→ **Collected data**:

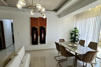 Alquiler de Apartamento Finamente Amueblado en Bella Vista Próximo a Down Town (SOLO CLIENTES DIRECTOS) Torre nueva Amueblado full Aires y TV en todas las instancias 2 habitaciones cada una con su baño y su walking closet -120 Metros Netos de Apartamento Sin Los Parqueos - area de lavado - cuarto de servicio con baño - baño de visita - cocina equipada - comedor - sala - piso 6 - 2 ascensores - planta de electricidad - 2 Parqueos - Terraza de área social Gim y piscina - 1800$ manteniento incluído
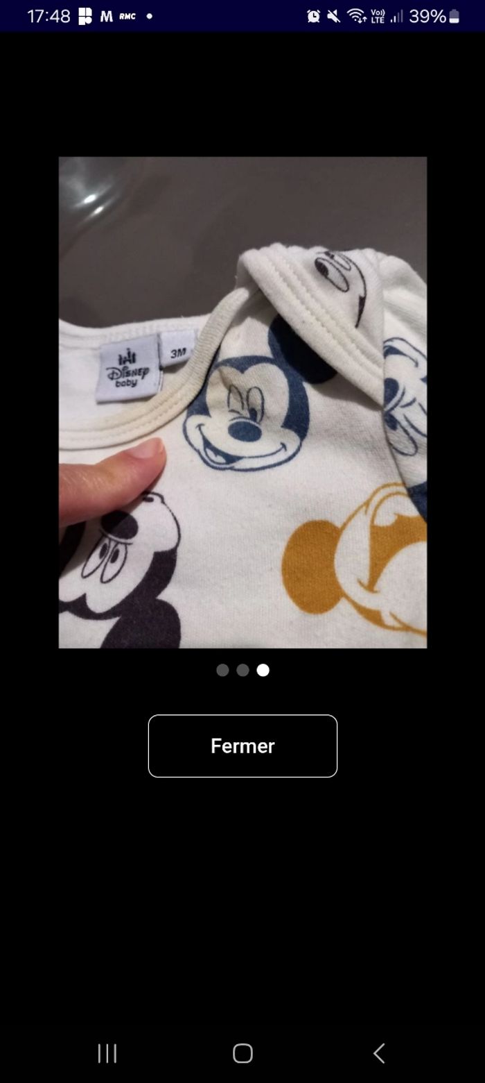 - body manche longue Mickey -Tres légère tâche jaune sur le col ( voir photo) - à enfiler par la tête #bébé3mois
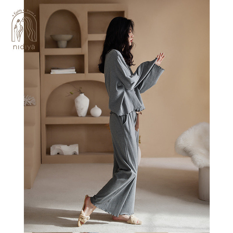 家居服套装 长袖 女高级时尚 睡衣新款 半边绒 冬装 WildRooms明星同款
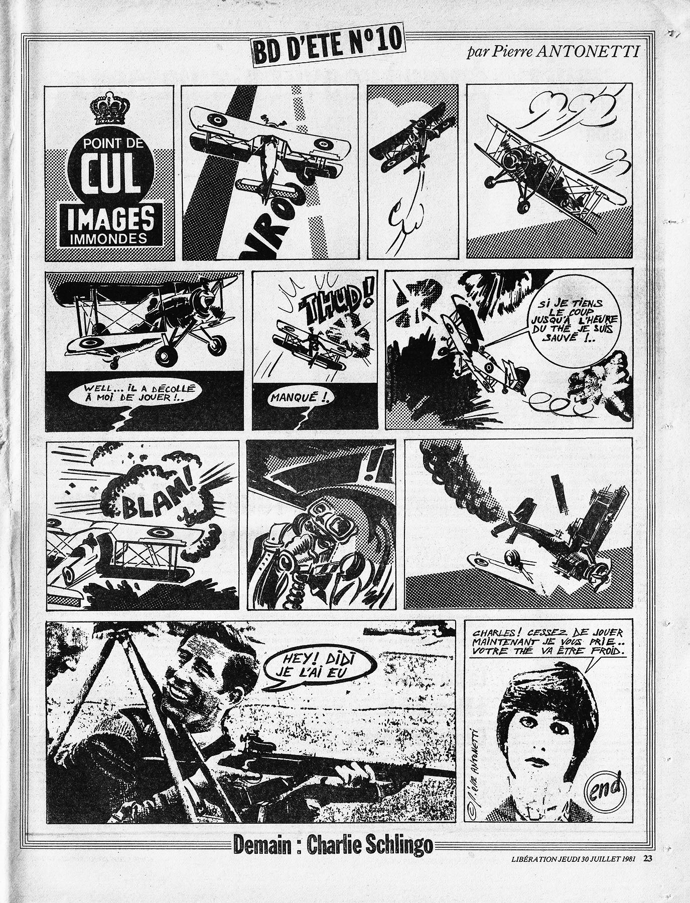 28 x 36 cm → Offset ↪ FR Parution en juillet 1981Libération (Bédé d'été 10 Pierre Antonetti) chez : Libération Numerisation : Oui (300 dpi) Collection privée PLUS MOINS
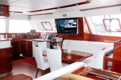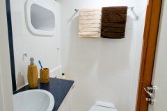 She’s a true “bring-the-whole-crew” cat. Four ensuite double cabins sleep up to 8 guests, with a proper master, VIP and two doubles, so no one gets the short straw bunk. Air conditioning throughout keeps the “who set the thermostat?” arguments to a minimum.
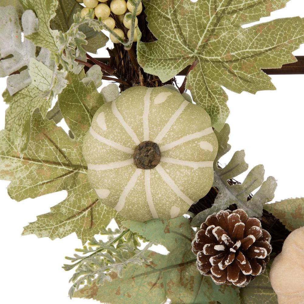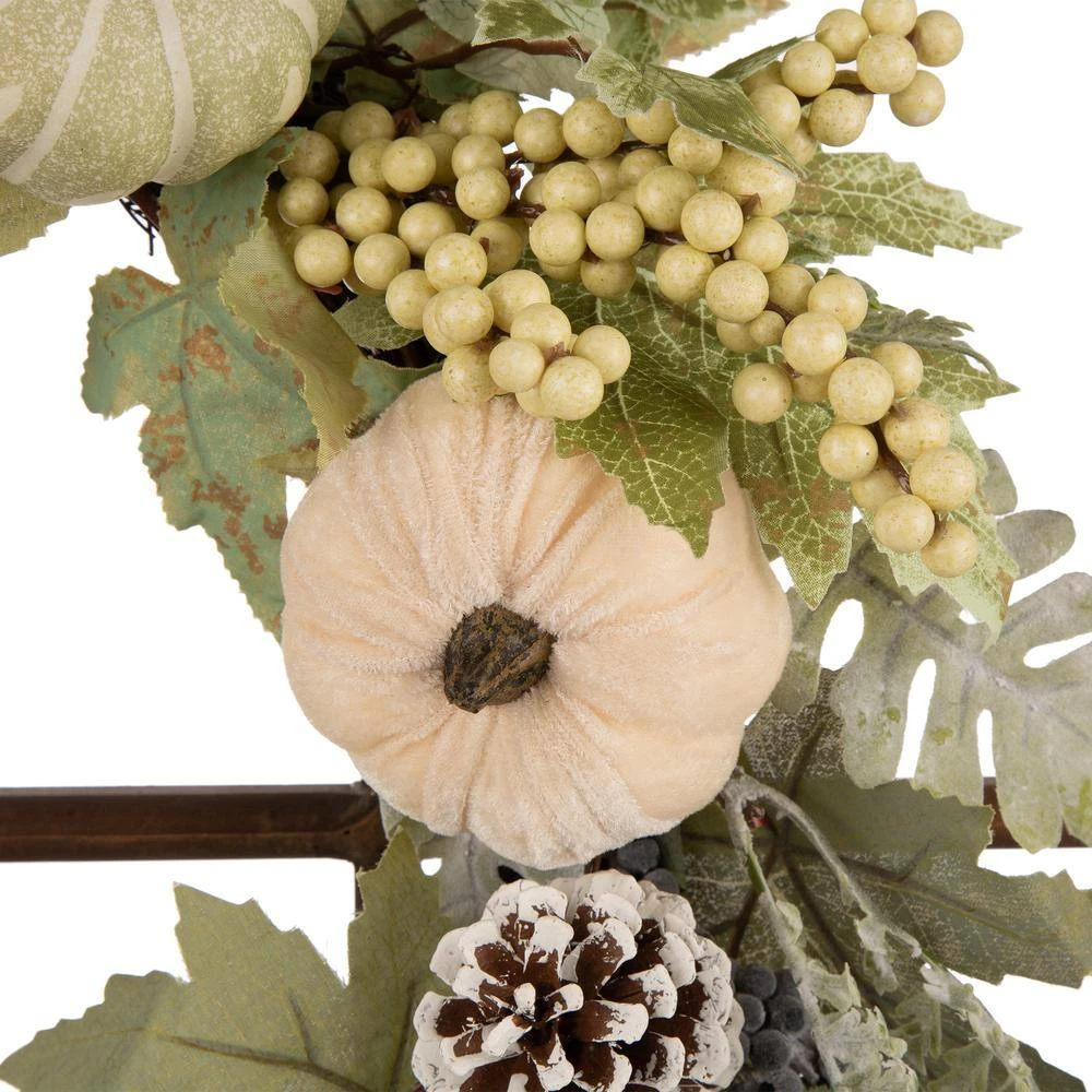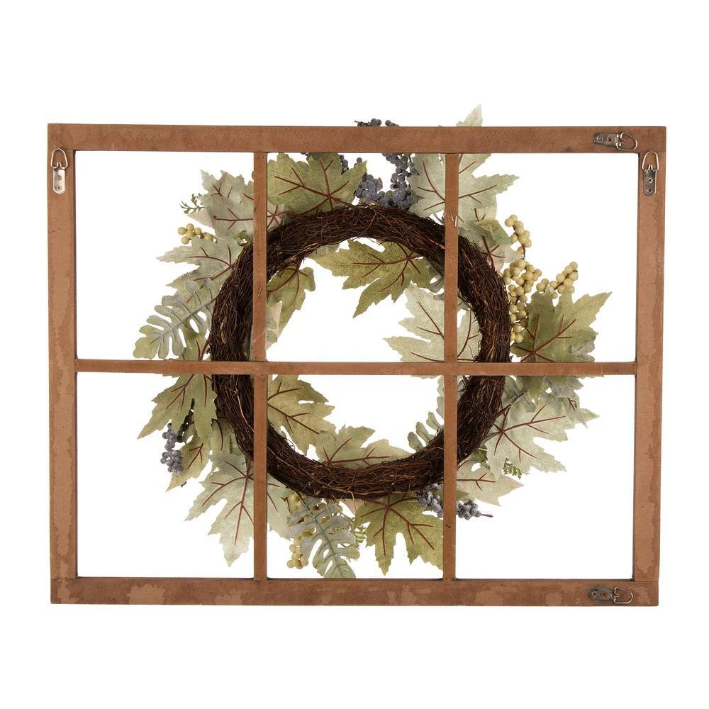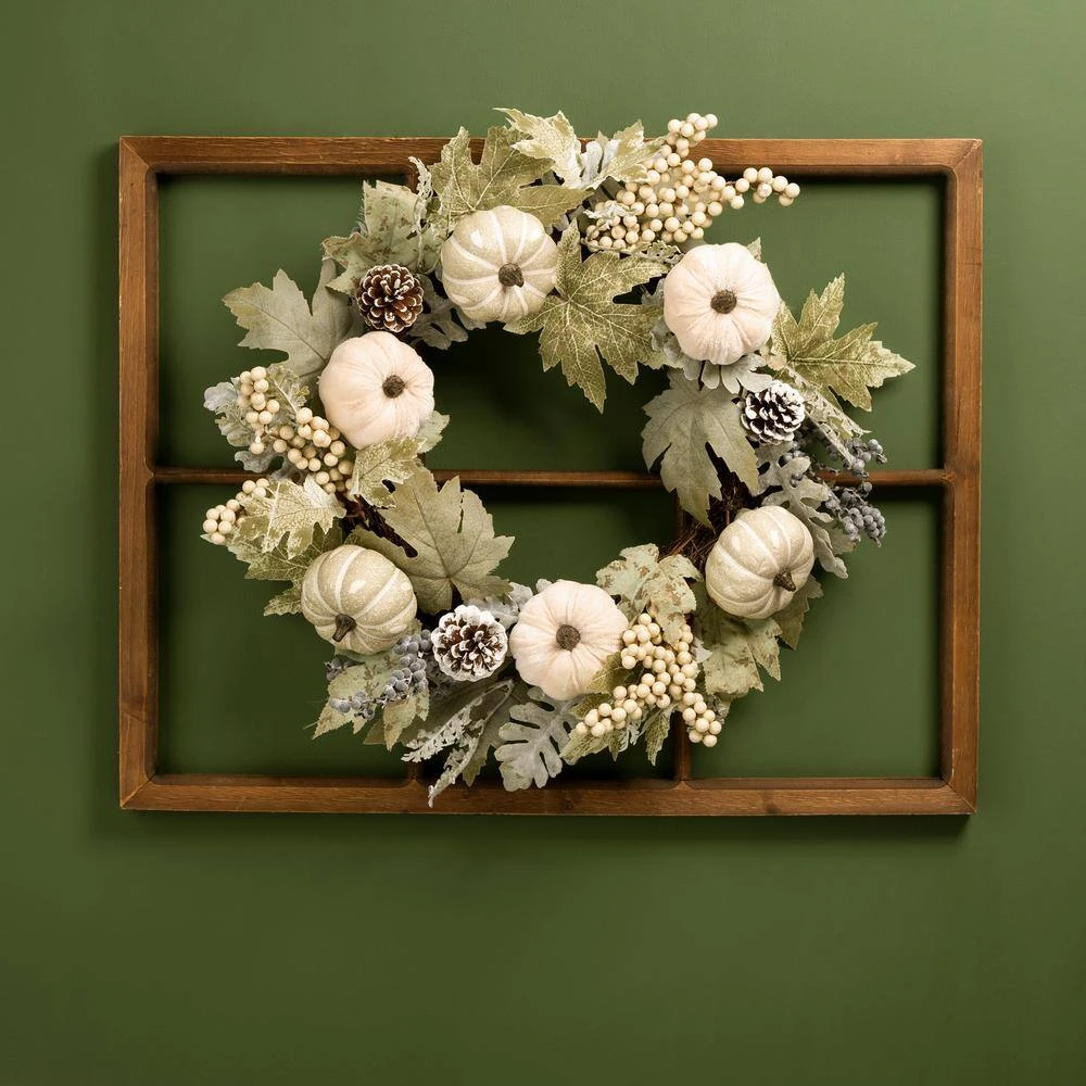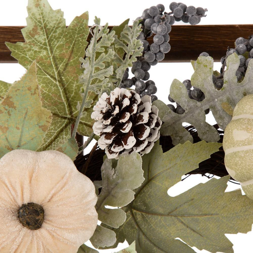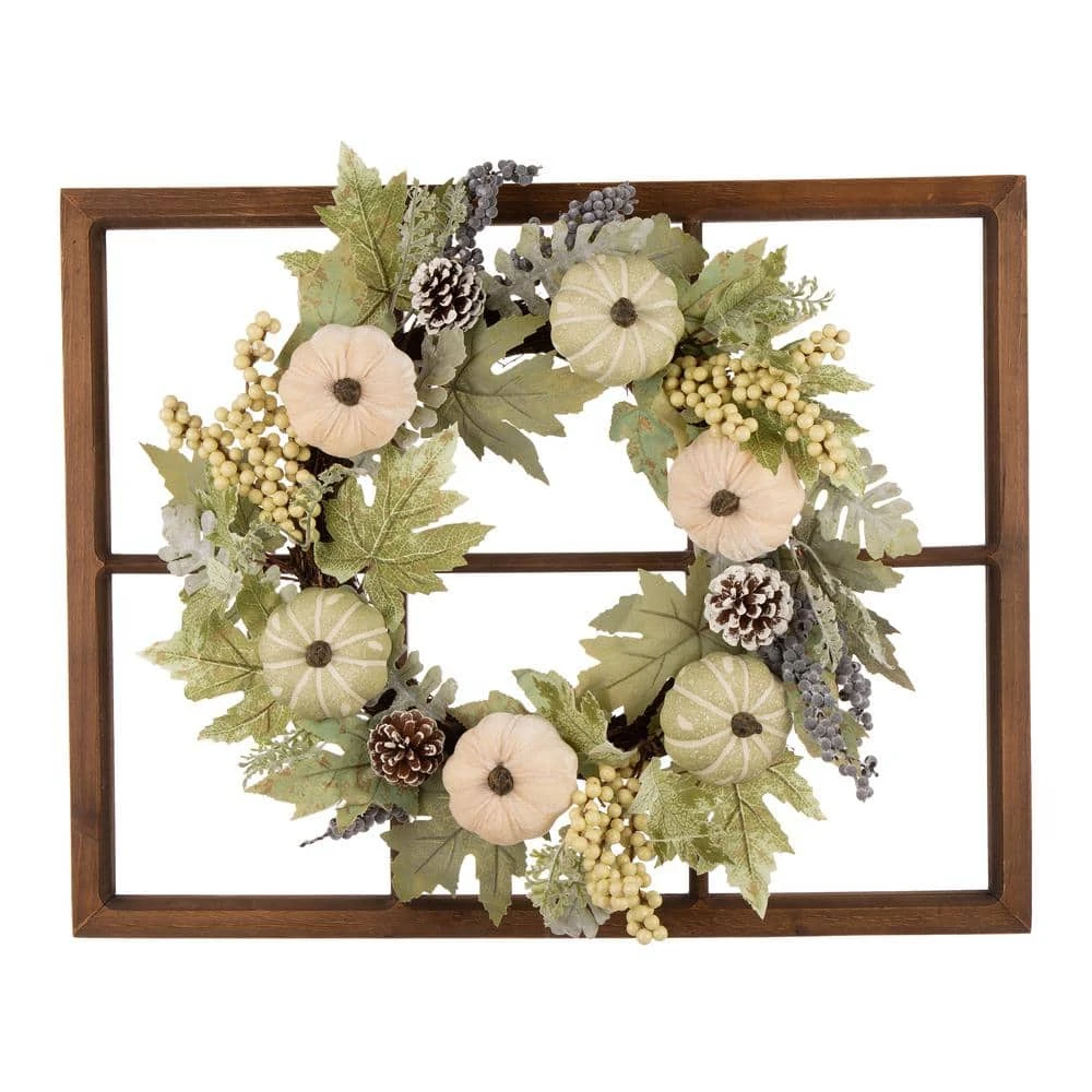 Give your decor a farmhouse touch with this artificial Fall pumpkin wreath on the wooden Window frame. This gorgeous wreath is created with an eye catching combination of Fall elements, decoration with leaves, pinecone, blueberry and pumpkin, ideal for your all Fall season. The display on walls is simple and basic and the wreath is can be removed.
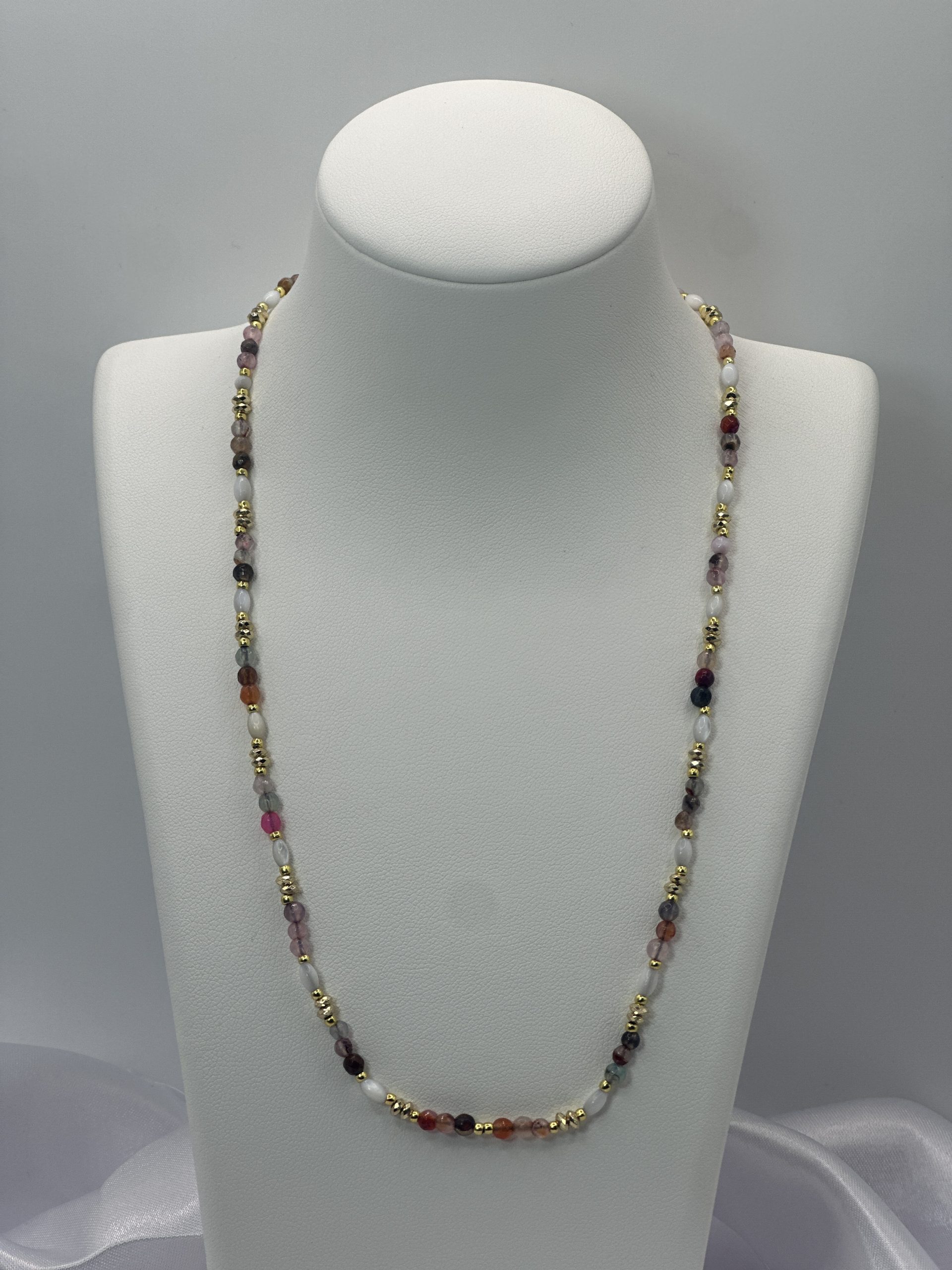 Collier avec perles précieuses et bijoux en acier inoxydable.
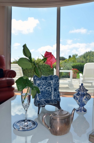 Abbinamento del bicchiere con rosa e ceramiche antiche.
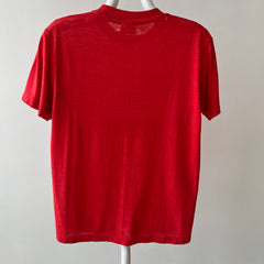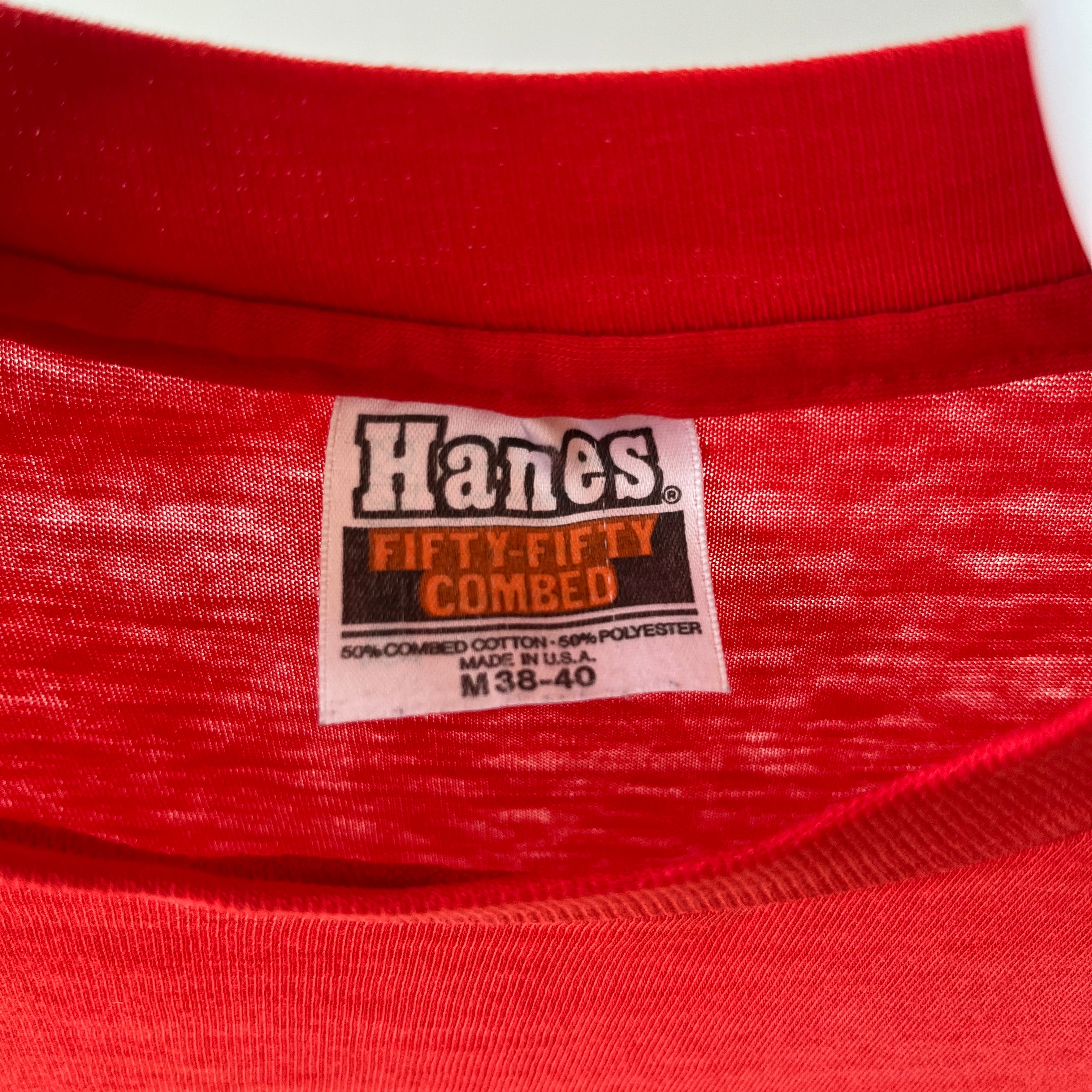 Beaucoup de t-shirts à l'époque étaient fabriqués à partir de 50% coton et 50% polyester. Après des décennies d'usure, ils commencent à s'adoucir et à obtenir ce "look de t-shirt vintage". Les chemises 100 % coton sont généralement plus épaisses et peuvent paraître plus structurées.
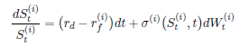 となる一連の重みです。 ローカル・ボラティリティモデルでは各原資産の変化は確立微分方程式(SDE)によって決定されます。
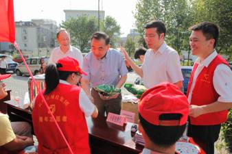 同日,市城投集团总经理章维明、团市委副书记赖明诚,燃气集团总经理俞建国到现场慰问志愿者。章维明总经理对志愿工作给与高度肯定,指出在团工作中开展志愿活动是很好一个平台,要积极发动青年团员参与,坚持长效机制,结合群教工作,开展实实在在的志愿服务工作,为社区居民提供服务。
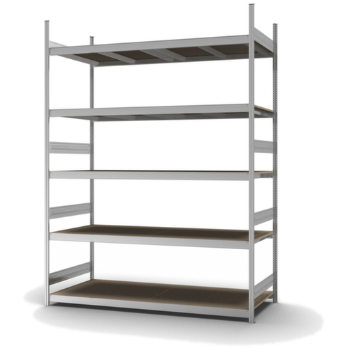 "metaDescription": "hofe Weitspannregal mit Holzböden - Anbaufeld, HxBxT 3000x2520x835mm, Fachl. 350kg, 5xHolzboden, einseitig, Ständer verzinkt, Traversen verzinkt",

→ **Work to complete**: Write out the data in full and exactly as given, though without the images.

→ **Task result**:
 Alquiler de Apartamento Finamente Amueblado en Bella Vista Próximo a Down Town (SOLO CLIENTES DIRECTOS) Torre nueva Amueblado full Aires y TV en todas las instancias 2 habitaciones cada una con su baño y su walking closet -120 Metros Netos de Apartamento Sin Los Parqueos - area de lavado - cuarto de servicio con baño - baño de visita - cocina equipada - comedor - sala - piso 6 - 2 ascensores - planta de electricidad - 2 Parqueos - Terraza de área social Gim y piscina - 1800$ manteniento incluído
 - body manche longue Mickey -Tres légère tâche jaune sur le col ( voir photo) - à enfiler par la tête #bébé3mois
 家居服套装 长袖 女高级时尚 睡衣新款 半边绒 冬装 WildRooms明星同款
 28 x 36 cm → Offset ↪ FR Parution en juillet 1981Libération (Bédé d'été 10 Pierre Antonetti) chez : Libération Numerisation : Oui (300 dpi) Collection privée PLUS MOINS
 She’s a true “bring-the-whole-crew” cat. Four ensuite double cabins sleep up to 8 guests, with a proper master, VIP and two doubles, so no one gets the short straw bunk. Air conditioning throughout keeps the “who set the thermostat?” arguments to a minimum.
 Give your decor a farmhouse touch with this artificial Fall pumpkin wreath on the wooden Window frame. This gorgeous wreath is created with an eye catching combination of Fall elements, decoration with leaves, pinecone, blueberry and pumpkin, ideal for your all Fall season. The display on walls is simple and basic and the wreath is can be removed.
 Collier avec perles précieuses et bijoux en acier inoxydable.
 Abbinamento del bicchiere con rosa e ceramiche antiche.
 Beaucoup de t-shirts à l'époque étaient fabriqués à partir de 50% coton et 50% polyester. Après des décennies d'usure, ils commencent à s'adoucir et à obtenir ce "look de t-shirt vintage". Les chemises 100 % coton sont généralement plus épaisses et peuvent paraître plus structurées.
 となる一連の重みです。 ローカル・ボラティリティモデルでは各原資産の変化は確立微分方程式(SDE)によって決定されます。
 同日,市城投集团总经理章维明、团市委副书记赖明诚,燃气集团总经理俞建国到现场慰问志愿者。章维明总经理对志愿工作给与高度肯定,指出在团工作中开展志愿活动是很好一个平台,要积极发动青年团员参与,坚持长效机制,结合群教工作,开展实实在在的志愿服务工作,为社区居民提供服务。
 "metaDescription": "hofe Weitspannregal mit Holzböden - Anbaufeld, HxBxT 3000x2520x835mm, Fachl. 350kg, 5xHolzboden, einseitig, Ständer verzinkt, Traversen verzinkt",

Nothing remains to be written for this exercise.